The figure below shows dividends, gross equity issues, repurchases and M&A retirements, all as a percent of GDP.

Source

What do we see here? First, the volume of shares retired through acquisitions is consistently, and often substantially, greater than the volume retired through repurchases. If you look just at the aggregate net equity issue you would think that share repurchases were now comparable to dividends as a means of distributing profits to shareholders; but it’s clear here that that’s not the case. Share repurchases plus acquisitions are about equal to dividends, but repurchases by themselves are half the size of dividends — that is, they account for only around a third of shareholder payouts.

One particular period the new data changes the picture is the tech boom period around 2000. Net equity issues were significantly negative in that period, on the order of 1 percent of GDP. But as we can now see, that was entirely due to an increased volume of acquisitions. Repurchases were flat and, by the standard of more recent periods, relatively low. So the apparent paradox that even during an investment boom businesses were paying out far more to shareholders than they were taking in, is not quite such a puzzle. If you were writing a macroeconomic history of the 1990s-2000s, this would be something to know.

It’s important data. I think it clarifies a lot and I hope people will make more use of it in the future.

We do have to be careful here. Some fraction of the M&A retirements are stock transactions, where the acquiring company issues new stock as a kind of currency to pay for the stock of the company it is acquiring.5 In these cases, it’s misleading to treat the stock issuance and the stock retirement as two separate transactions — as independent sources and uses of funds. It would be better to net those transactions out earlier before reporting the gross figures here. Unfortunately, the Fed doesn’t give a historical series of cash vs. stock acquisition spending. But in recent years, at least, it seems that no more than a quarter or so of acquisitions are paid in stock, so the figure above is at least qualitatively correct. Removing the stock acquisitions — where there is arguably no meaningful issue or retirement of stock, jsut a swap of one company’s for another’s — would move the M&A Retirements and Gross Equity Issues lines down somewhat. But the basic picture would remain the same.

It’s also the case that a large fraction of equity issues are the result of exercise of employee stock options.
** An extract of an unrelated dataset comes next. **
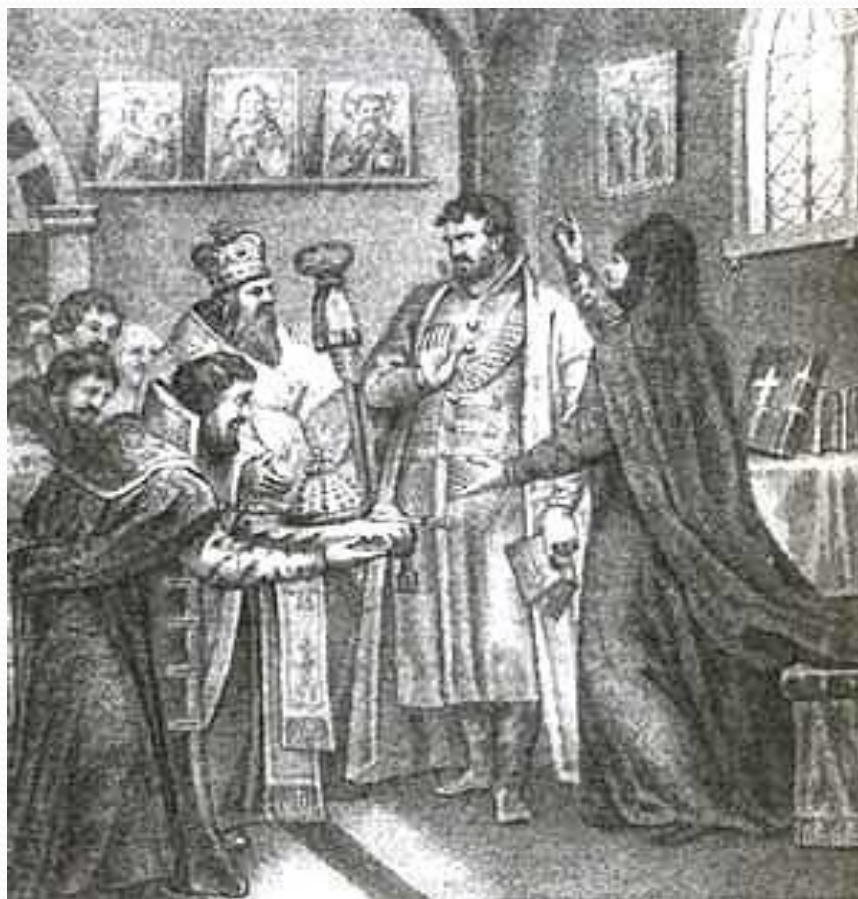
«Избрание Бориса Годунова на царство». Гравюра XIX в.

В 1598 г. Земский собор – собрание выборных представителей от российских сословий избрал царём Бориса Фёдоровича Годунова – ближайшего помощника царя Фёдора Ивановича. Но правление его сложилось неудачно.
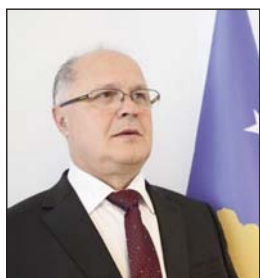
Shkruan: Ramiz KELMENDI

Pamfleti nga Gjykata e Hagës e ndaloi, preu përkohësisht, një marrëveshje ndërkombëtare jetike për të ardhmen e shtetit të Kosovës, një marrëveshje e cila do ndodhte nga ajo Shtëpi e Bardhë që urdhëroi forcat e NATO-s ta bombardonin Serbinë në vitin 1999. Hapja e paraprocedurës në këtë kohë, hapja e paraprocedurës për kreun e UÇK-së, për kreun e PDK-së, dy personalitetet e rëndësishme të jetës politike dhe institucionale të shtetndërtimit, hapja e paraprocedurës për presidentin e vendit, janë jashtëzakonisht të dëmshme, nëse bëhen të plotfuqishme,

I suspect — tho again I haven’t seen definite data — that stock options accout for a large fraction, maybe a majority, of stock issues in recent decades. But this doesn’t change the picture as far as sectoral flows goes — it just means that what is being financed is labor costs rather than investment.
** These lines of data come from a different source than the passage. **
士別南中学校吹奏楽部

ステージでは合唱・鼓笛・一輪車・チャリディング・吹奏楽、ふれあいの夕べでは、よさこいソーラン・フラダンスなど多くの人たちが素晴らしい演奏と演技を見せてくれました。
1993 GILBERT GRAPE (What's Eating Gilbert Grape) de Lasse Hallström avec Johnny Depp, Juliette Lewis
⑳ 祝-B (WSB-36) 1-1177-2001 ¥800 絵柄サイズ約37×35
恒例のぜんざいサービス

The bottom line here is, I don’t think we heterodox corporate finance people have thought enough about acquisitions. A major part of payments from corporations to shareholders are not distribution of profits in the usual sense, but payments by managers for control rights over a production process that some other shareholders have claims on. I don’t think our current models handle this well — we either think implicitly of a single unitary corporate sector, or we follow the mainstream in imagining production as a bouillabaisse in where you just throw in a certain amount of labor and a certain amount of capital, so it doesn’t matter who is in charge.

Of course we know that the exit, the liquidity moment, for many tech startups today is not an IPO — let alone reaching profitability under the management of early investors — but acquisition by an established company. But this familiar fact hasn’t really made it into macro analysis.

I think we need to take more seriously the role of Wall Street in rearranging ownership claims. Both because who is in charge of particular production processes is important. And because we can’t understand the money flows between corporations and households without it.